[PATCH v2 3/8] arm64: Import updated version of Cortex Strings' strlen
Robin Murphy
robin.murphy at arm.com
Thu May 27 08:34:43 PDT 2021
From: Sam Tebbs <sam.tebbs at arm.com>
Import an updated version of the former Cortex Strings - now Arm
Optimized Routines - strcmp function. The latest version introduces
Advanced SIMD usage which rules it out for our purposes, but we can
still pick an intermediate improvement from the previous version,
namely string/aarch64/strlen.S at commit 98e4d6a from
https://github.com/ARM-software/optimized-routines
Note that for simplicity Arm have chosen to contribute this code
to Linux under GPLv2 rather than the original MIT license.

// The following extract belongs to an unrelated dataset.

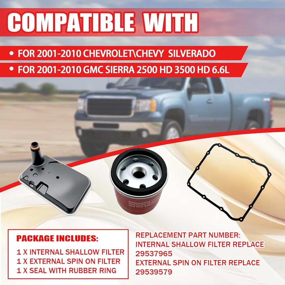 [متوافق مع] طقم فلتر ناقل الحركة هذا مناسب لسيارة Chevy شيفروليه سيلفرادو 2001 2002 2003 2004 2005 2006 2007 2008 2009 2010، مناسب لسيارة GMC Sierra 2500 HD 3500 HD 6.6L 2001 2002 2003 2004 2005 2006 2007 2008 2009 2010

Signed-off-by: Sam Tebbs <sam.tebbs at arm.com>
[ rm: update attribution and commit message ]
Signed-off-by: Robin Murphy <robin.murphy at arm.com>
---
arch/arm64/lib/strlen.S | 262 +++++++++++++++++++++++++++-------------
1 file changed, 175 insertions(+), 87 deletions(-)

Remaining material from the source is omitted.